- REQUIRED WORK -
If a record holds a picture, please leave the picture out and copy the rest of the record exactly.

[Stored items from a collection]
---

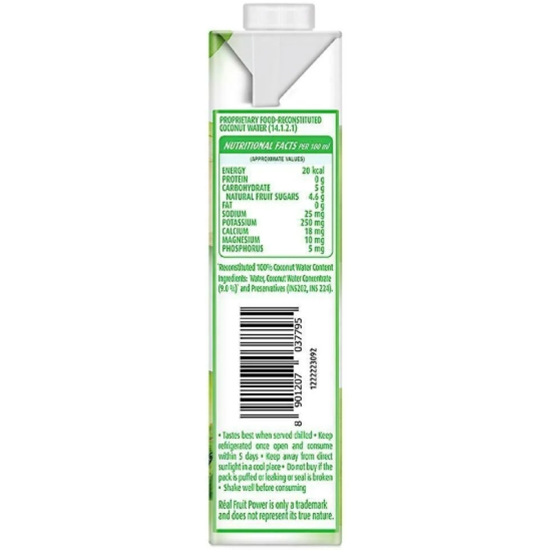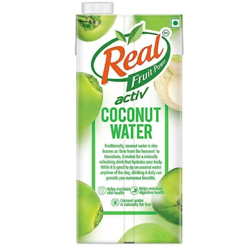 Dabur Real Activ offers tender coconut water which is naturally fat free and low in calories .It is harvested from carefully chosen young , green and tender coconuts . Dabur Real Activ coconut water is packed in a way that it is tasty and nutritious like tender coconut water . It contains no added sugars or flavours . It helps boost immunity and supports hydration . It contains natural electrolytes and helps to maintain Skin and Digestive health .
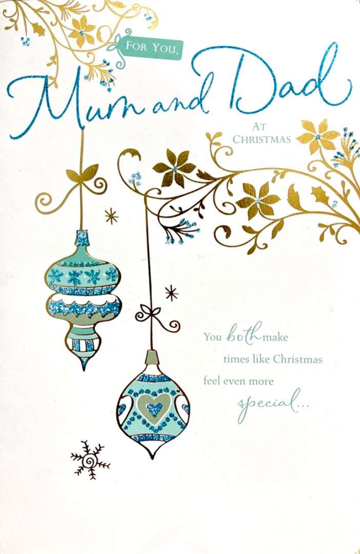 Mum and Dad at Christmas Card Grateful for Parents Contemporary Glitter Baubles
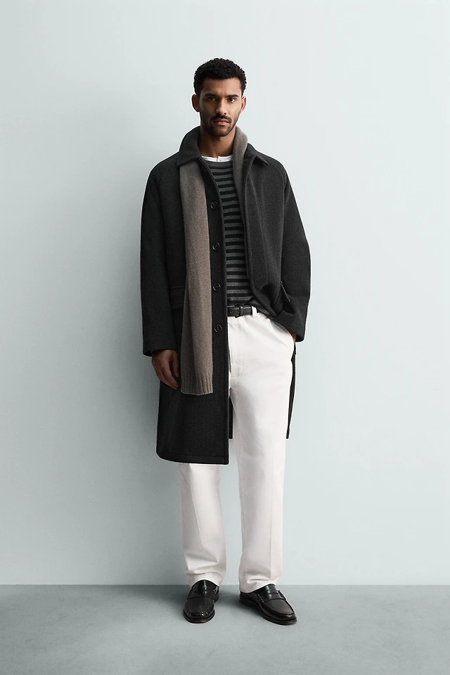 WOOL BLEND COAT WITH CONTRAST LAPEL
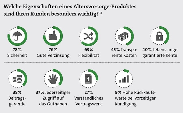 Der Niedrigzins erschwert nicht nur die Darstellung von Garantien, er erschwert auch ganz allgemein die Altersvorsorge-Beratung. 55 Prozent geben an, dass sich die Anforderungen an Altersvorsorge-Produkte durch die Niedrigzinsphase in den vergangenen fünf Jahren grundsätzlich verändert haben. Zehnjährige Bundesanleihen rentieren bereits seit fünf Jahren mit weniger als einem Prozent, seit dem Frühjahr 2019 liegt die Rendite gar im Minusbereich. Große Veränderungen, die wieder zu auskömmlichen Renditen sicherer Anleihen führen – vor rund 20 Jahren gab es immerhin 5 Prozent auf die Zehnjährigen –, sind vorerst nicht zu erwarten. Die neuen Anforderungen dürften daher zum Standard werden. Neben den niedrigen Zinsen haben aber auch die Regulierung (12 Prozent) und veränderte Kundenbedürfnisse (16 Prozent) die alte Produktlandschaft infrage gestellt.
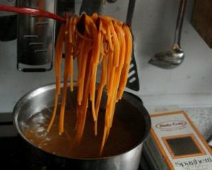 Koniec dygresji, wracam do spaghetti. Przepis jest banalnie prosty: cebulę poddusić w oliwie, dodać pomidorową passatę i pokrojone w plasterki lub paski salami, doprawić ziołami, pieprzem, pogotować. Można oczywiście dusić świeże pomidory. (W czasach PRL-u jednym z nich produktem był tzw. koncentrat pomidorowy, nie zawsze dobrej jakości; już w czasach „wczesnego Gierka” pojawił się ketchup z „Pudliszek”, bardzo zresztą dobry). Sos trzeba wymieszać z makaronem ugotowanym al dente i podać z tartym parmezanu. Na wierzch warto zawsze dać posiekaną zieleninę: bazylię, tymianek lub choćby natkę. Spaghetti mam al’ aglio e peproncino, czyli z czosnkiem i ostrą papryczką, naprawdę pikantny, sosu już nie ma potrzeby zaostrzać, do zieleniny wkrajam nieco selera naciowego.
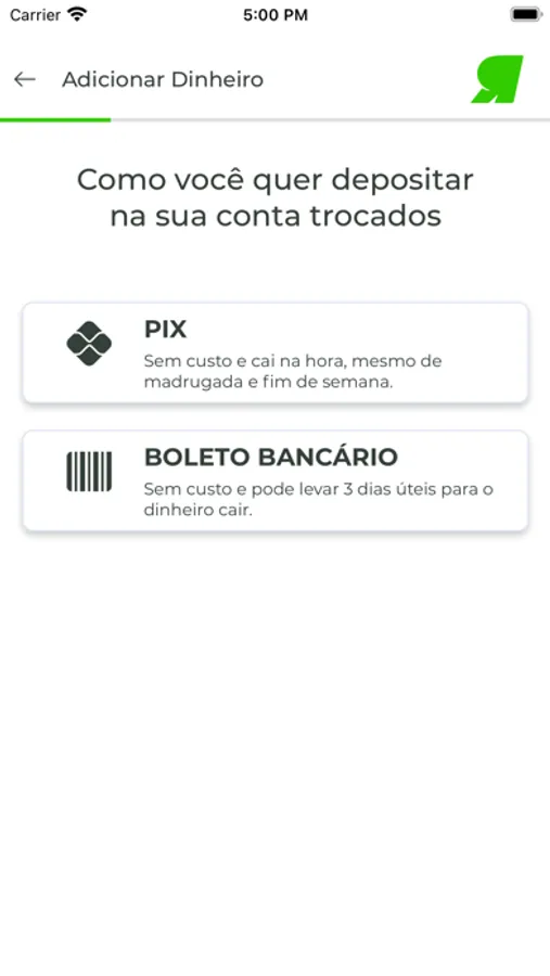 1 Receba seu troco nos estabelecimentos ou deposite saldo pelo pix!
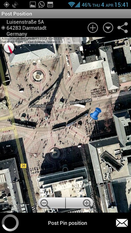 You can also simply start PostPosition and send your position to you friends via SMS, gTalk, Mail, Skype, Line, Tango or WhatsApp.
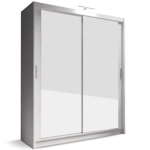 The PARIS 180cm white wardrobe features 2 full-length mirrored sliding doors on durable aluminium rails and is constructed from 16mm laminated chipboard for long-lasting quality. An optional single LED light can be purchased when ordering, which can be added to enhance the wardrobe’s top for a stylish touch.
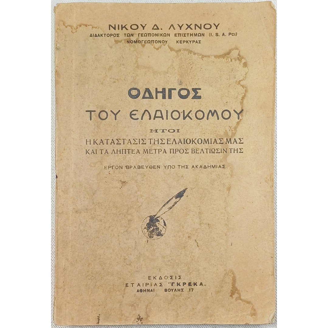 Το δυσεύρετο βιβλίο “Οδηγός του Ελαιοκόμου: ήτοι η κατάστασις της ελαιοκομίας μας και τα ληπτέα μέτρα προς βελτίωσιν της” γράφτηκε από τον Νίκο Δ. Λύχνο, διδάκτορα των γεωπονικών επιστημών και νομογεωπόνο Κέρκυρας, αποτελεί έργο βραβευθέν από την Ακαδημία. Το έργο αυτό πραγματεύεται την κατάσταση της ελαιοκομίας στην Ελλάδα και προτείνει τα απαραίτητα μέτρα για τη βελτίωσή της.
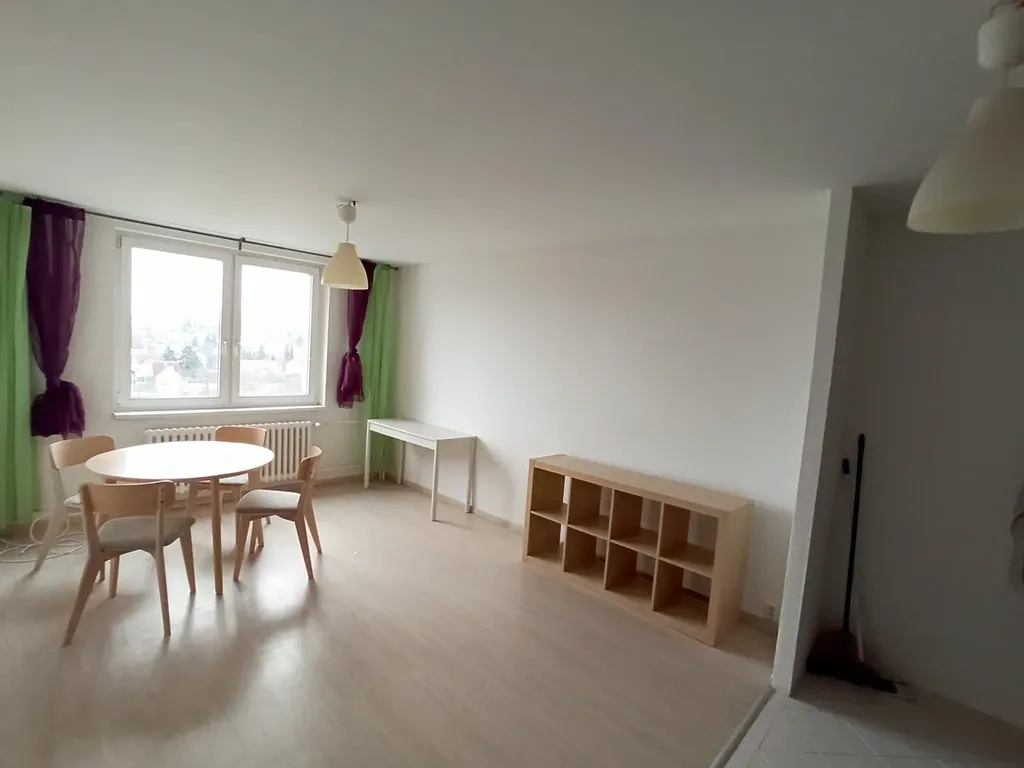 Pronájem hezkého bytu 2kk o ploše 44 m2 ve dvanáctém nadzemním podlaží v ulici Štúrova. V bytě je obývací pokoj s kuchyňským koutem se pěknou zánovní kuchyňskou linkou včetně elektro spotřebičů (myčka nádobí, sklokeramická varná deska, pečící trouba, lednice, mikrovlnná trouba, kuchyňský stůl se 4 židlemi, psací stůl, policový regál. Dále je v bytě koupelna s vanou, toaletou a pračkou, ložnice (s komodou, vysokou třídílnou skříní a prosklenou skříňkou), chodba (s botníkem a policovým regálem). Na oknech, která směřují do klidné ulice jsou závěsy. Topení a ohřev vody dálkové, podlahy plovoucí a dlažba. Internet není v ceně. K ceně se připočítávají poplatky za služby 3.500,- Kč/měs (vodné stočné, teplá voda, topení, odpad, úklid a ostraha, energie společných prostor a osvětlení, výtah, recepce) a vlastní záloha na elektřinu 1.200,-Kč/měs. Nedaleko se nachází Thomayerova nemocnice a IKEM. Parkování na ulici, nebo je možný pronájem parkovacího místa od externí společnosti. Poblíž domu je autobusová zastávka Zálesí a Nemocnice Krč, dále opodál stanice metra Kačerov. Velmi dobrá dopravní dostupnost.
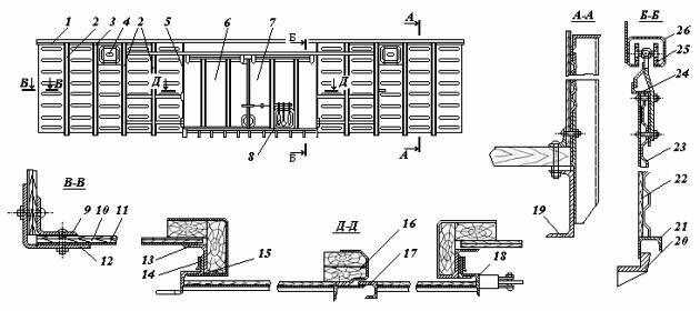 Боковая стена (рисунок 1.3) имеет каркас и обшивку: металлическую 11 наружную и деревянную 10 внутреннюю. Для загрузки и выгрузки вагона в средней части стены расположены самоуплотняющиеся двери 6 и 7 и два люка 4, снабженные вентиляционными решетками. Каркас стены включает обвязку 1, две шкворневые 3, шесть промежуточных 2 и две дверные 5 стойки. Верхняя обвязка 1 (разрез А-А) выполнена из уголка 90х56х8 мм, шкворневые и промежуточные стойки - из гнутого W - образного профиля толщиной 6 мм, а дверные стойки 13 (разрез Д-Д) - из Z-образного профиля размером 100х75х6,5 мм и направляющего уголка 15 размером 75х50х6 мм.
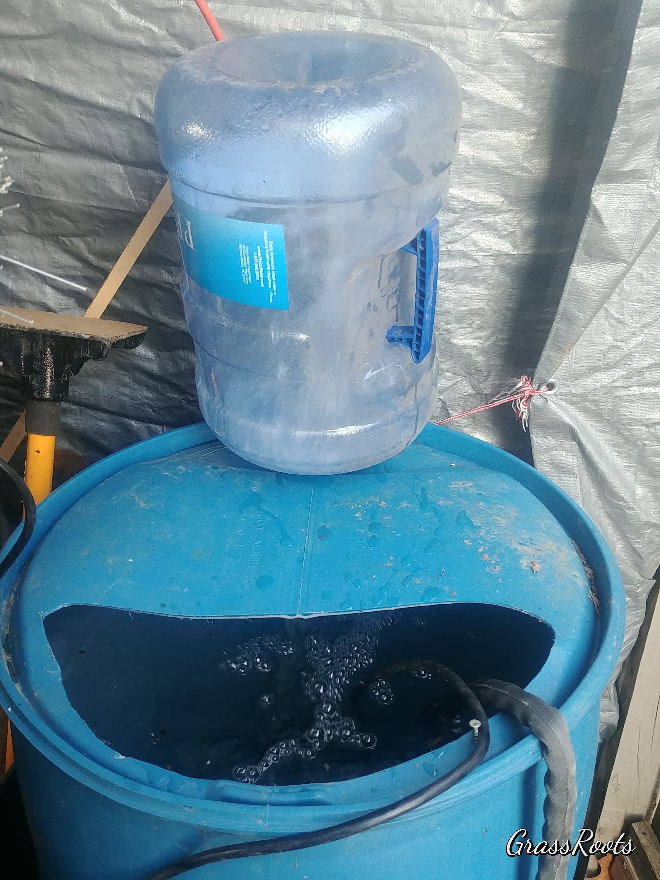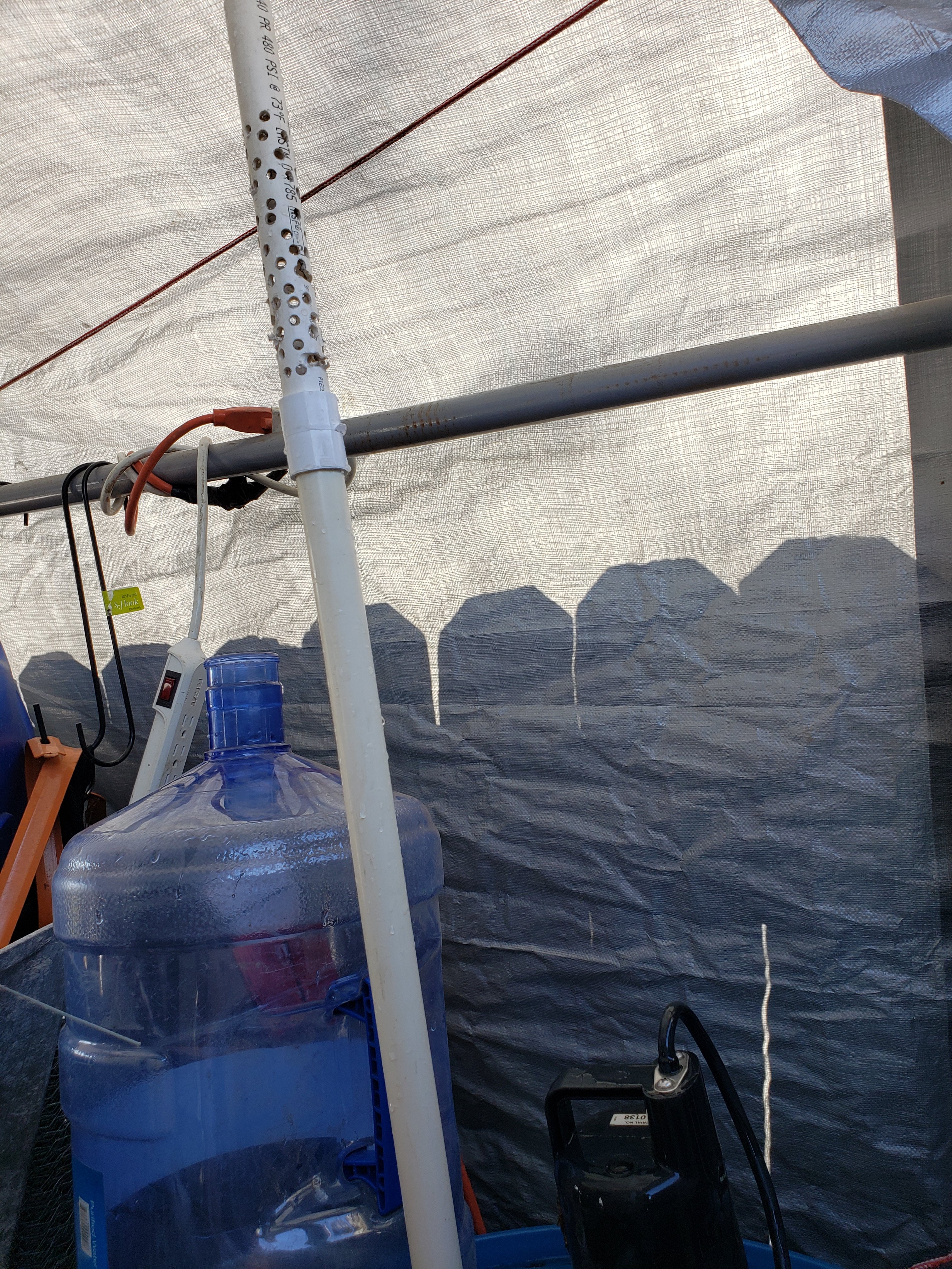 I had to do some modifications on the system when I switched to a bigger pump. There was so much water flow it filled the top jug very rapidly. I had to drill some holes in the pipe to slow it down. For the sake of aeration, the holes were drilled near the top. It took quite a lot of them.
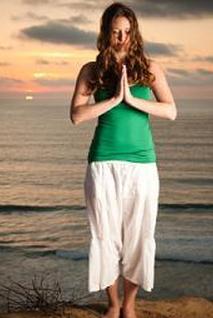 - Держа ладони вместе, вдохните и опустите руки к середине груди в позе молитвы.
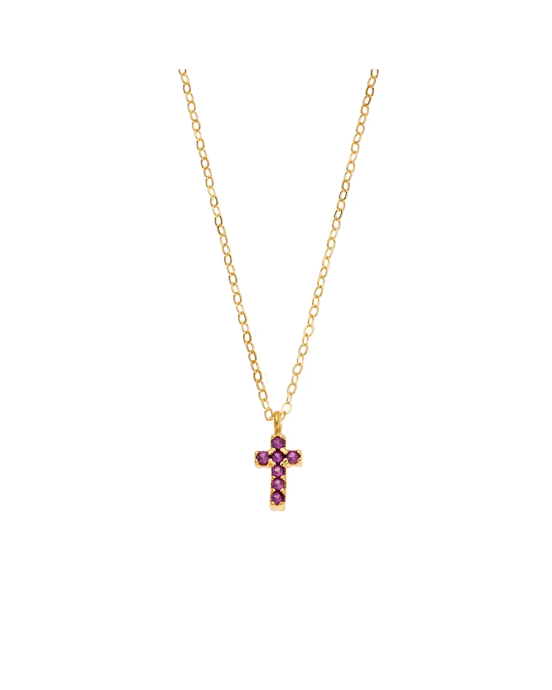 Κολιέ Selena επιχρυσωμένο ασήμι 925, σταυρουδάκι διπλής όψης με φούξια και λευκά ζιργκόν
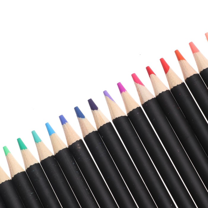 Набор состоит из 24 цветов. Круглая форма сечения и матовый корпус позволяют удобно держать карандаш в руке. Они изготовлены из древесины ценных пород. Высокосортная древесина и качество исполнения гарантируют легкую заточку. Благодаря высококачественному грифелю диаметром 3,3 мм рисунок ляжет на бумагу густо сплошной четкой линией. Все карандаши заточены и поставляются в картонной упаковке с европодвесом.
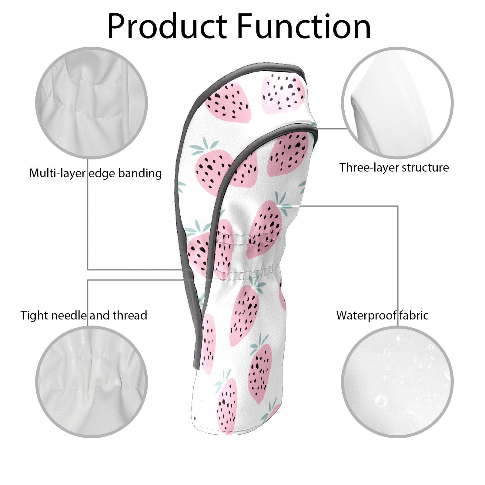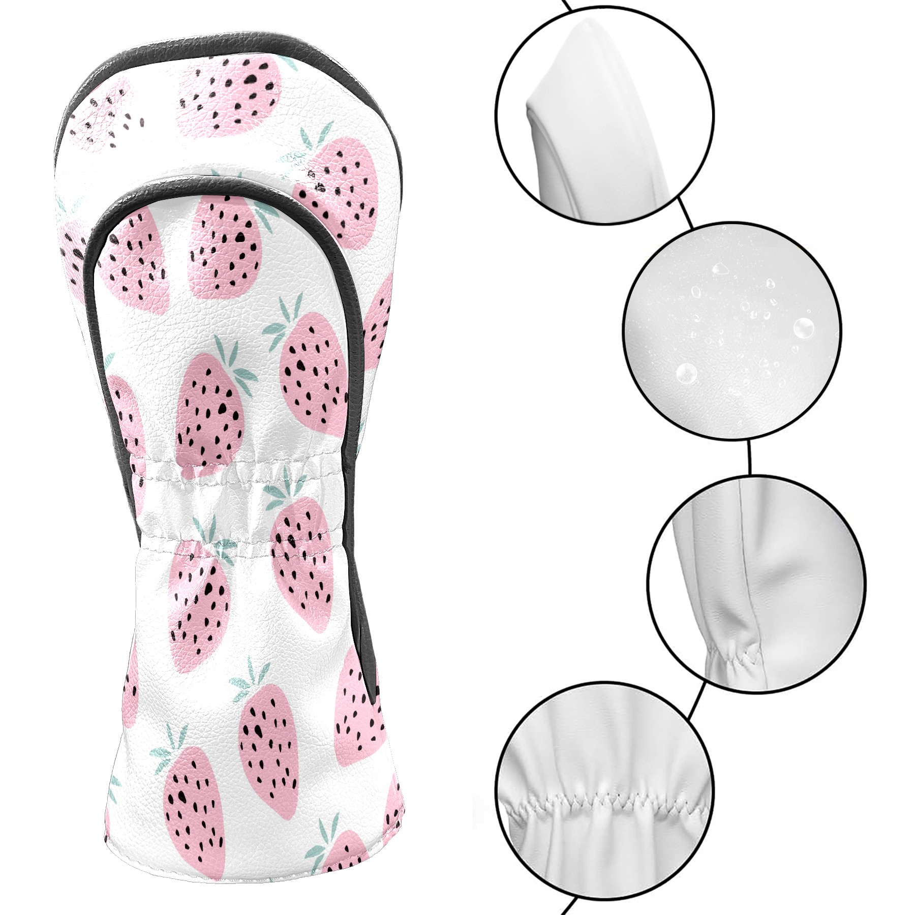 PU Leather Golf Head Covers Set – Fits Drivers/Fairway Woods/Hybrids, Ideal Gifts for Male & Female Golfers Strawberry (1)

---

- SOLUTION TO THIS EXERCISE -
 Dabur Real Activ offers tender coconut water which is naturally fat free and low in calories .It is harvested from carefully chosen young , green and tender coconuts . Dabur Real Activ coconut water is packed in a way that it is tasty and nutritious like tender coconut water . It contains no added sugars or flavours . It helps boost immunity and supports hydration . It contains natural electrolytes and helps to maintain Skin and Digestive health .
 Mum and Dad at Christmas Card Grateful for Parents Contemporary Glitter Baubles
 WOOL BLEND COAT WITH CONTRAST LAPEL
 Der Niedrigzins erschwert nicht nur die Darstellung von Garantien, er erschwert auch ganz allgemein die Altersvorsorge-Beratung. 55 Prozent geben an, dass sich die Anforderungen an Altersvorsorge-Produkte durch die Niedrigzinsphase in den vergangenen fünf Jahren grundsätzlich verändert haben. Zehnjährige Bundesanleihen rentieren bereits seit fünf Jahren mit weniger als einem Prozent, seit dem Frühjahr 2019 liegt die Rendite gar im Minusbereich. Große Veränderungen, die wieder zu auskömmlichen Renditen sicherer Anleihen führen – vor rund 20 Jahren gab es immerhin 5 Prozent auf die Zehnjährigen –, sind vorerst nicht zu erwarten. Die neuen Anforderungen dürften daher zum Standard werden. Neben den niedrigen Zinsen haben aber auch die Regulierung (12 Prozent) und veränderte Kundenbedürfnisse (16 Prozent) die alte Produktlandschaft infrage gestellt.
 Koniec dygresji, wracam do spaghetti. Przepis jest banalnie prosty: cebulę poddusić w oliwie, dodać pomidorową passatę i pokrojone w plasterki lub paski salami, doprawić ziołami, pieprzem, pogotować. Można oczywiście dusić świeże pomidory. (W czasach PRL-u jednym z nich produktem był tzw. koncentrat pomidorowy, nie zawsze dobrej jakości; już w czasach „wczesnego Gierka” pojawił się ketchup z „Pudliszek”, bardzo zresztą dobry). Sos trzeba wymieszać z makaronem ugotowanym al dente i podać z tartym parmezanu. Na wierzch warto zawsze dać posiekaną zieleninę: bazylię, tymianek lub choćby natkę. Spaghetti mam al’ aglio e peproncino, czyli z czosnkiem i ostrą papryczką, naprawdę pikantny, sosu już nie ma potrzeby zaostrzać, do zieleniny wkrajam nieco selera naciowego.
 1 Receba seu troco nos estabelecimentos ou deposite saldo pelo pix!
 You can also simply start PostPosition and send your position to you friends via SMS, gTalk, Mail, Skype, Line, Tango or WhatsApp.
 The PARIS 180cm white wardrobe features 2 full-length mirrored sliding doors on durable aluminium rails and is constructed from 16mm laminated chipboard for long-lasting quality. An optional single LED light can be purchased when ordering, which can be added to enhance the wardrobe’s top for a stylish touch.
 Το δυσεύρετο βιβλίο “Οδηγός του Ελαιοκόμου: ήτοι η κατάστασις της ελαιοκομίας μας και τα ληπτέα μέτρα προς βελτίωσιν της” γράφτηκε από τον Νίκο Δ. Λύχνο, διδάκτορα των γεωπονικών επιστημών και νομογεωπόνο Κέρκυρας, αποτελεί έργο βραβευθέν από την Ακαδημία. Το έργο αυτό πραγματεύεται την κατάσταση της ελαιοκομίας στην Ελλάδα και προτείνει τα απαραίτητα μέτρα για τη βελτίωσή της.
 Pronájem hezkého bytu 2kk o ploše 44 m2 ve dvanáctém nadzemním podlaží v ulici Štúrova. V bytě je obývací pokoj s kuchyňským koutem se pěknou zánovní kuchyňskou linkou včetně elektro spotřebičů (myčka nádobí, sklokeramická varná deska, pečící trouba, lednice, mikrovlnná trouba, kuchyňský stůl se 4 židlemi, psací stůl, policový regál. Dále je v bytě koupelna s vanou, toaletou a pračkou, ložnice (s komodou, vysokou třídílnou skříní a prosklenou skříňkou), chodba (s botníkem a policovým regálem). Na oknech, která směřují do klidné ulice jsou závěsy. Topení a ohřev vody dálkové, podlahy plovoucí a dlažba. Internet není v ceně. K ceně se připočítávají poplatky za služby 3.500,- Kč/měs (vodné stočné, teplá voda, topení, odpad, úklid a ostraha, energie společných prostor a osvětlení, výtah, recepce) a vlastní záloha na elektřinu 1.200,-Kč/měs. Nedaleko se nachází Thomayerova nemocnice a IKEM. Parkování na ulici, nebo je možný pronájem parkovacího místa od externí společnosti. Poblíž domu je autobusová zastávka Zálesí a Nemocnice Krč, dále opodál stanice metra Kačerov. Velmi dobrá dopravní dostupnost.
 Боковая стена (рисунок 1.3) имеет каркас и обшивку: металлическую 11 наружную и деревянную 10 внутреннюю. Для загрузки и выгрузки вагона в средней части стены расположены самоуплотняющиеся двери 6 и 7 и два люка 4, снабженные вентиляционными решетками. Каркас стены включает обвязку 1, две шкворневые 3, шесть промежуточных 2 и две дверные 5 стойки. Верхняя обвязка 1 (разрез А-А) выполнена из уголка 90х56х8 мм, шкворневые и промежуточные стойки - из гнутого W - образного профиля толщиной 6 мм, а дверные стойки 13 (разрез Д-Д) - из Z-образного профиля размером 100х75х6,5 мм и направляющего уголка 15 размером 75х50х6 мм.
 I had to do some modifications on the system when I switched to a bigger pump. There was so much water flow it filled the top jug very rapidly. I had to drill some holes in the pipe to slow it down. For the sake of aeration, the holes were drilled near the top. It took quite a lot of them.
 - Держа ладони вместе, вдохните и опустите руки к середине груди в позе молитвы.
 Κολιέ Selena επιχρυσωμένο ασήμι 925, σταυρουδάκι διπλής όψης με φούξια και λευκά ζιργκόν
 Набор состоит из 24 цветов. Круглая форма сечения и матовый корпус позволяют удобно держать карандаш в руке. Они изготовлены из древесины ценных пород. Высокосортная древесина и качество исполнения гарантируют легкую заточку. Благодаря высококачественному грифелю диаметром 3,3 мм рисунок ляжет на бумагу густо сплошной четкой линией. Все карандаши заточены и поставляются в картонной упаковке с европодвесом.
 PU Leather Golf Head Covers Set – Fits Drivers/Fairway Woods/Hybrids, Ideal Gifts for Male & Female Golfers Strawberry (1)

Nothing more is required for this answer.